Employment and Training:
Most One-Stop Career Centers Are Taking Multiple Actions to Link Employers and Older Workers
GAO-08-548: Published: Apr 21, 2008. Publicly Released: Apr 21, 2008.
The share of older persons in the U.S. population age 55 and older is projected to increase to 30 percent by 2025 and continue to grow through 2050. At the same time, more older persons are expected to continue working than in the past and, in doing so, may need employment and training services as they make transitions to different jobs and work arrangements. Several factors will contribute to this phenomenon. The number of older Americans and their proportion of the total population are increasing and are expected to continue to increase. Fewer of these older Americans are expected to have the traditional retirements of previous generations and many will continue working for financial or other reasons.

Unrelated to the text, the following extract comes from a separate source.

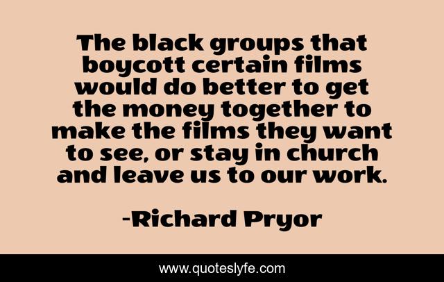 This page presents the quote "The black groups that boycott certain films would do better to get the money together to make the films they want to see, or stay in church and leave us to our work.". Author of this quote is Richard Pryor. This quote is about work, black, together,.

At the same time, labor force growth is expected to slow and employers will be faced with a relatively smaller and younger available workforce. As a result, some businesses will need to retain existing older workers or attract additional older workers to meet their workforce needs. The Department of Labor (Labor) has identified one-stop career centers (one-stops) as a means to link older workers with employers through employment and training services. To address the role of one-stops in serving older workers, we examined: (1) Labor's actions to help one-stops link employers and older workers and (2) one-stops' actions to help employers hire and retain older workers.
Labor has proposed action steps that one-stops may take to link employers and older workers and has ongoing efforts to promote employment for older workers to a wider audience. While Labor knows little about the results of these efforts, planned evaluations may provide some information on the impact of Workforce Investment Act(WIA) services on older workers. Based on our survey results, we estimate that most one-stops took multiple actions to link employers and older workers. One-stop officials identified some actions as most effective, such as training staff to assist older workers, and often used multifaceted approaches. Several factors--for example, the local economy and how workers' skills match with employers needs--might affect what actions one-stops take to serve older workers. One factor, the performance measure tracking participants' earnings, may create disincentives for serving older workers who are more likely to work part-time, which provides lower wages. We have previously recommended that Labor assess the potential for such disincentives, and we continue to believe that doing so would be worthwhile.